- [About this exercise] Nothing but the lines below from the one holding "IMG_7187 Published June" up to and including the one holding "全新台灣現貨 多巴胺條紋彩虹開襟毛衣外套 馬卡龍慵懶色系" should be copied, exactly and without pictures.

- [Dataset content]
########################################

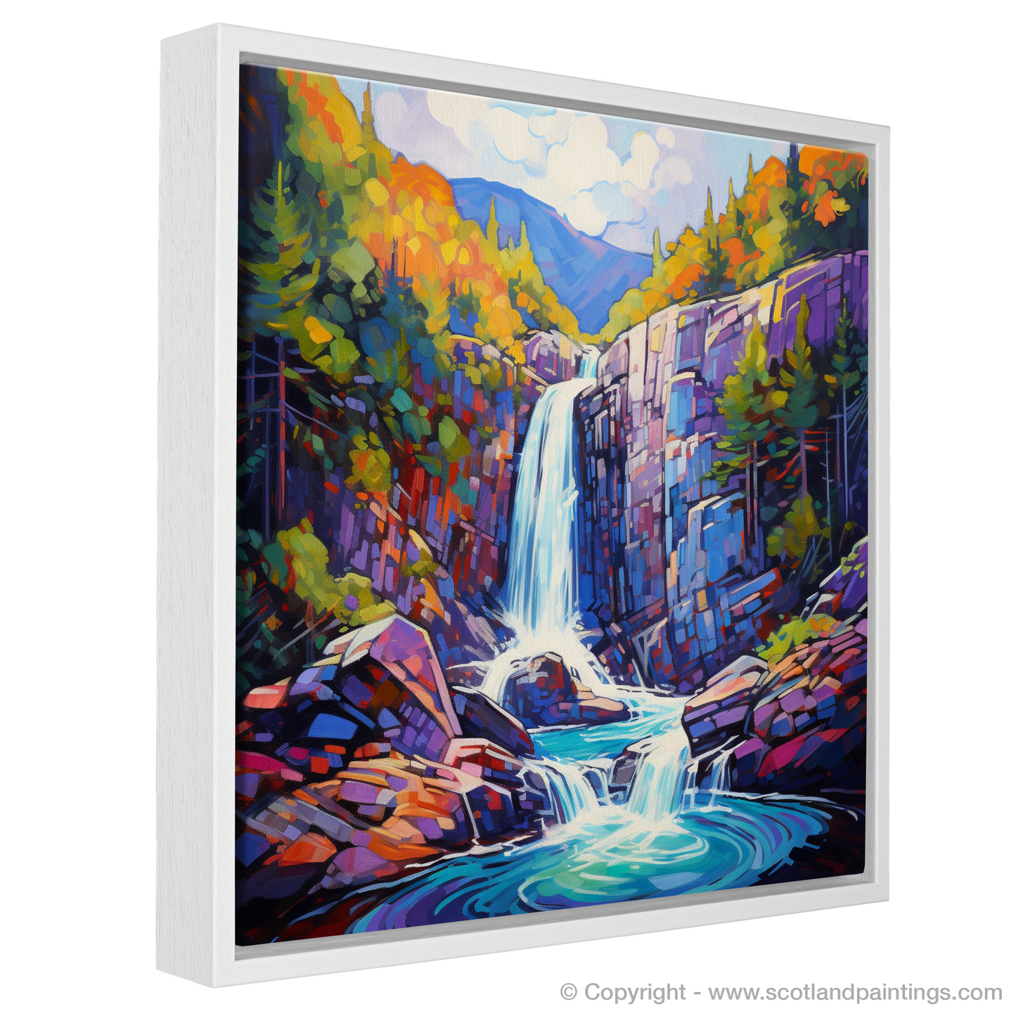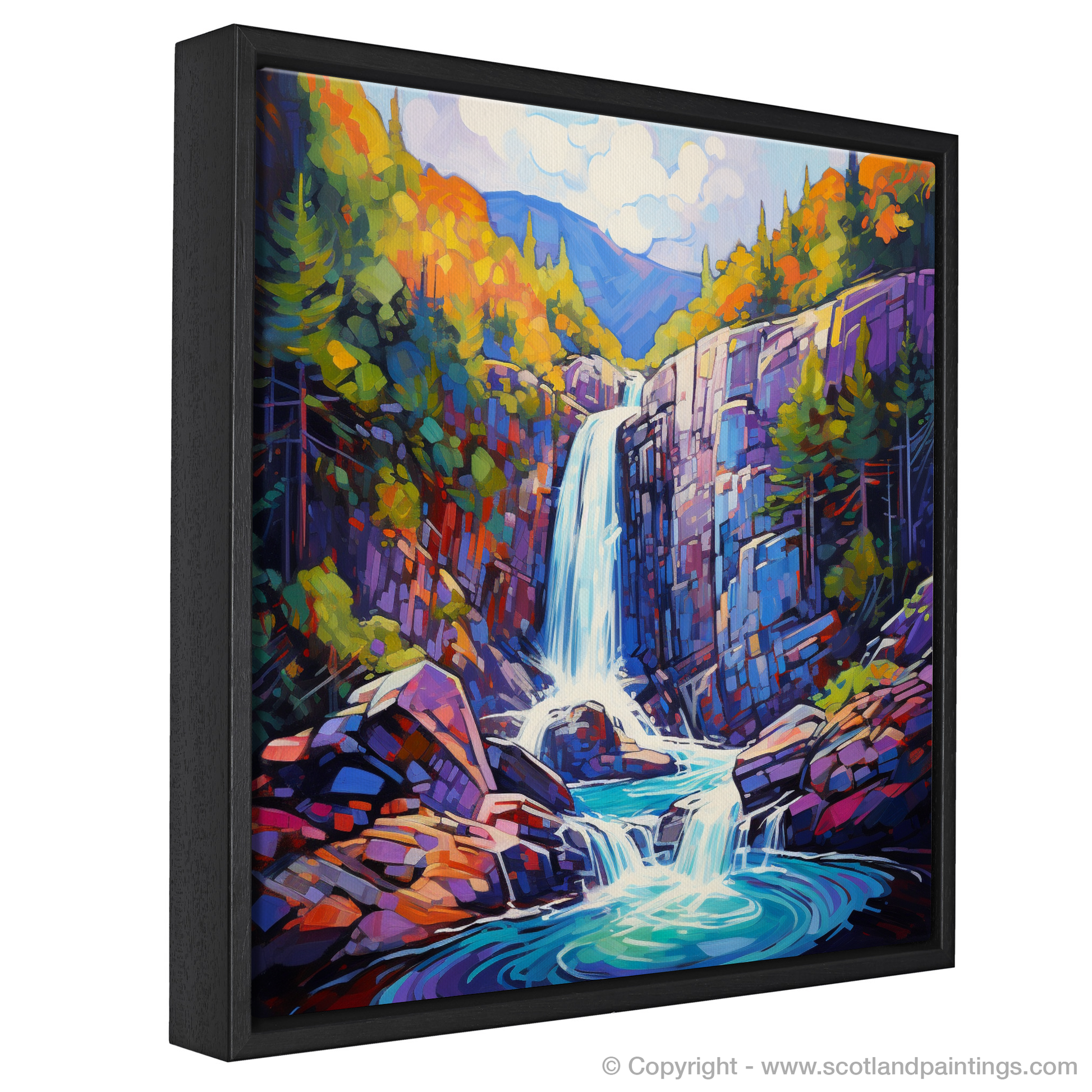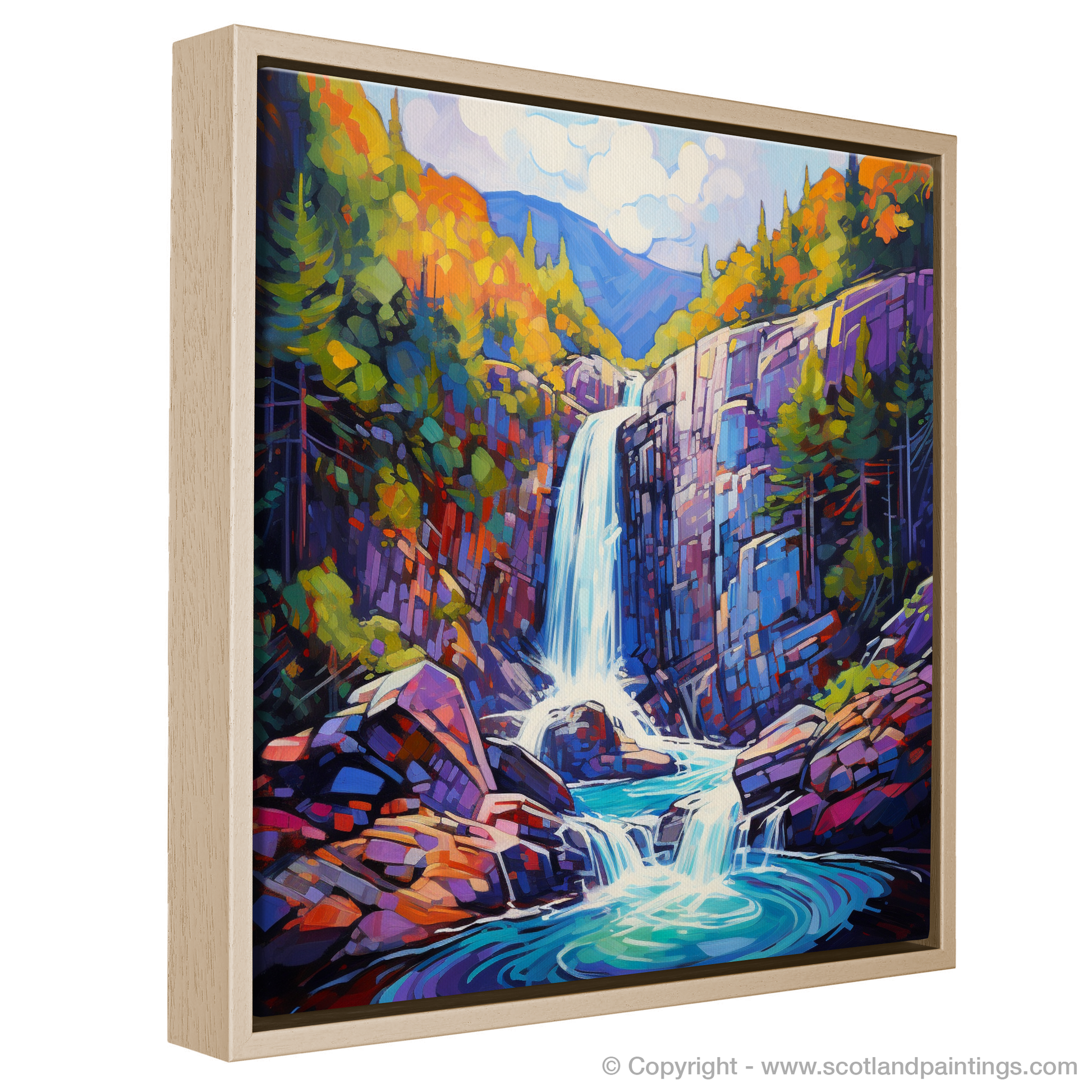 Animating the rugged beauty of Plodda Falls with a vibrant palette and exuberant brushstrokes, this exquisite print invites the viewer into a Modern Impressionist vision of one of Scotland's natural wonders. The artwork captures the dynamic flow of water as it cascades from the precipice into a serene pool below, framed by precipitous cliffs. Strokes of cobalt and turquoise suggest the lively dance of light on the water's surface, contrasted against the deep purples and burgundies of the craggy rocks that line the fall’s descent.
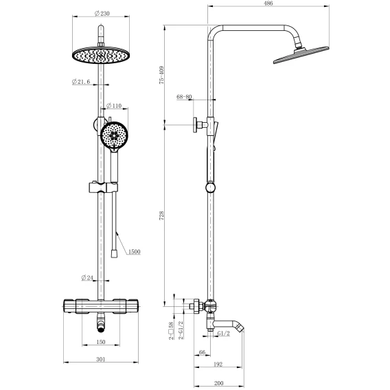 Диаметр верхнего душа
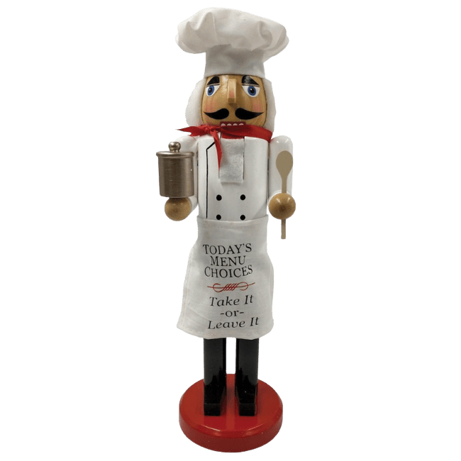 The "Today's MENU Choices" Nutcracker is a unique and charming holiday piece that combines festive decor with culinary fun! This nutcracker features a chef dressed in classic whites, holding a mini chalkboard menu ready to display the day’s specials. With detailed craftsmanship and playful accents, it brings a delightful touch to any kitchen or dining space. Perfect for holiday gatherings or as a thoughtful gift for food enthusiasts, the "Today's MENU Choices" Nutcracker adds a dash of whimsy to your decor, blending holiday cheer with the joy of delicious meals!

########################################

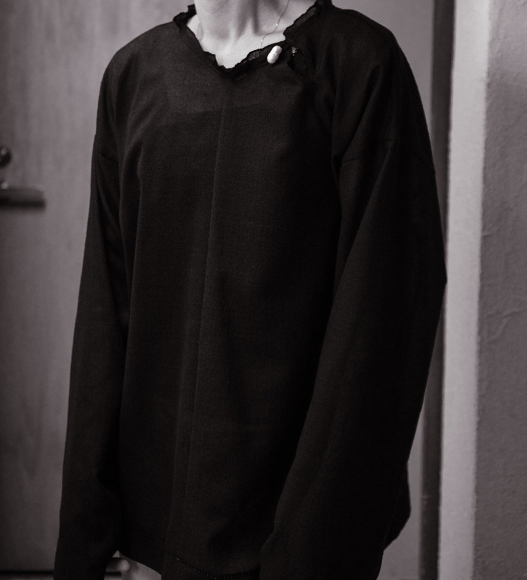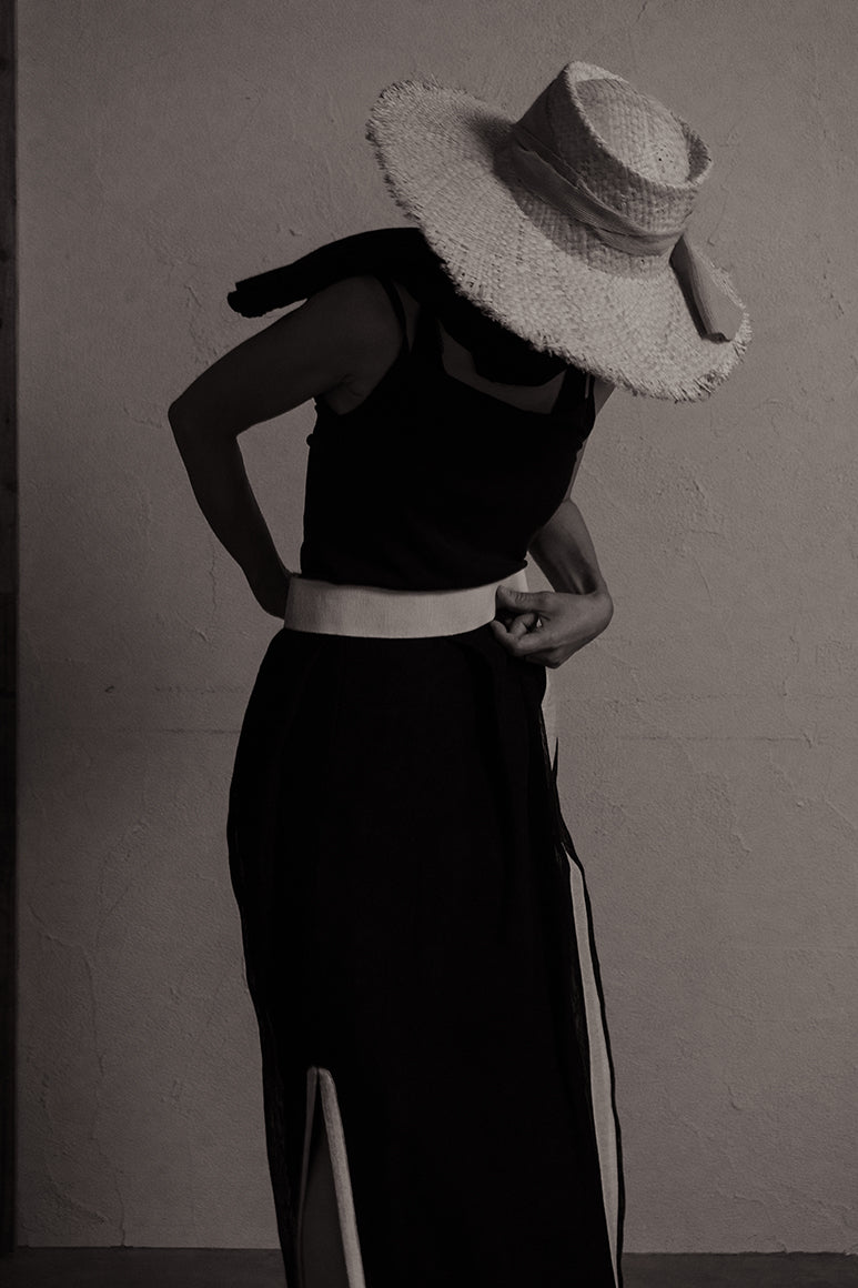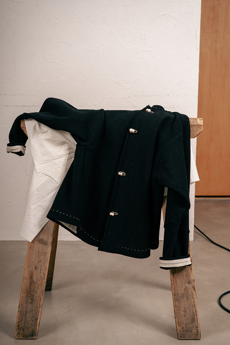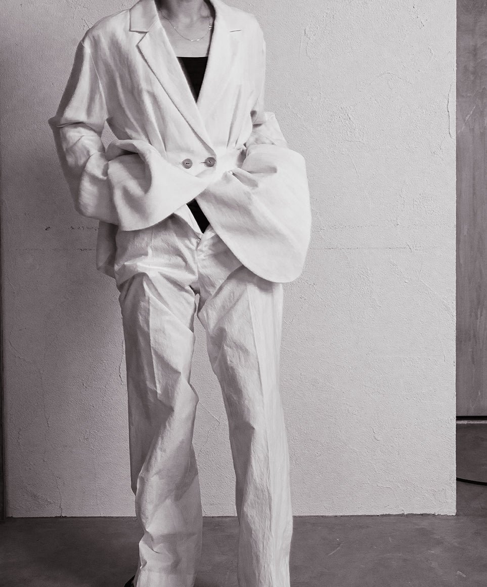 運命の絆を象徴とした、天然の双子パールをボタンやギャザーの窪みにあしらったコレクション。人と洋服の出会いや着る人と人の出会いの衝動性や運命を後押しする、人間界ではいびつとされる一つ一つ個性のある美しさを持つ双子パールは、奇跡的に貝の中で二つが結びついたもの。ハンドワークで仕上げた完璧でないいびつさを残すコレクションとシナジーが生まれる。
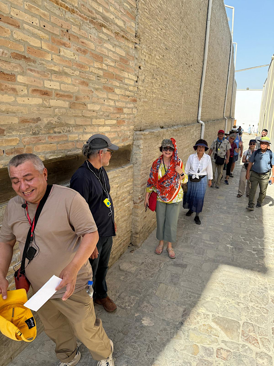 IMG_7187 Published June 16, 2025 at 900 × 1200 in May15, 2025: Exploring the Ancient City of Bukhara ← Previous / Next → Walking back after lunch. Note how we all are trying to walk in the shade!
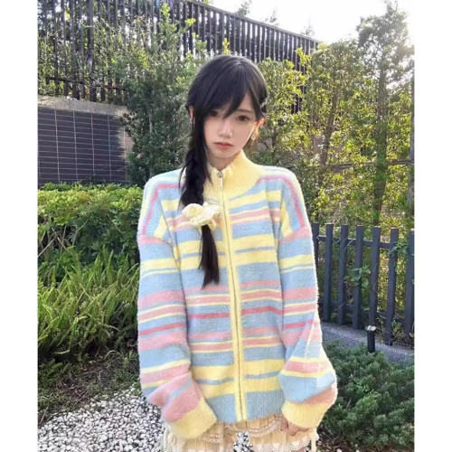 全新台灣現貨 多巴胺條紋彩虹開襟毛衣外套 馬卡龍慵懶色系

########################################

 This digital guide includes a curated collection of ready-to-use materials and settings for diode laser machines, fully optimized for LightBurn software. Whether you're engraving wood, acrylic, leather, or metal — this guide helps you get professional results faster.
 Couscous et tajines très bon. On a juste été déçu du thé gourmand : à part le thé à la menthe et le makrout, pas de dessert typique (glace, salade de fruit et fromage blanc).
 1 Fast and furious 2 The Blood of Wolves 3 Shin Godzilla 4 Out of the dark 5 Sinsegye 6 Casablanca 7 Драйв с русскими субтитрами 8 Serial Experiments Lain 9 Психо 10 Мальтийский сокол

########################################

- [Response for this exercise]
 IMG_7187 Published June 16, 2025 at 900 × 1200 in May15, 2025: Exploring the Ancient City of Bukhara ← Previous / Next → Walking back after lunch. Note how we all are trying to walk in the shade!
 全新台灣現貨 多巴胺條紋彩虹開襟毛衣外套 馬卡龍慵懶色系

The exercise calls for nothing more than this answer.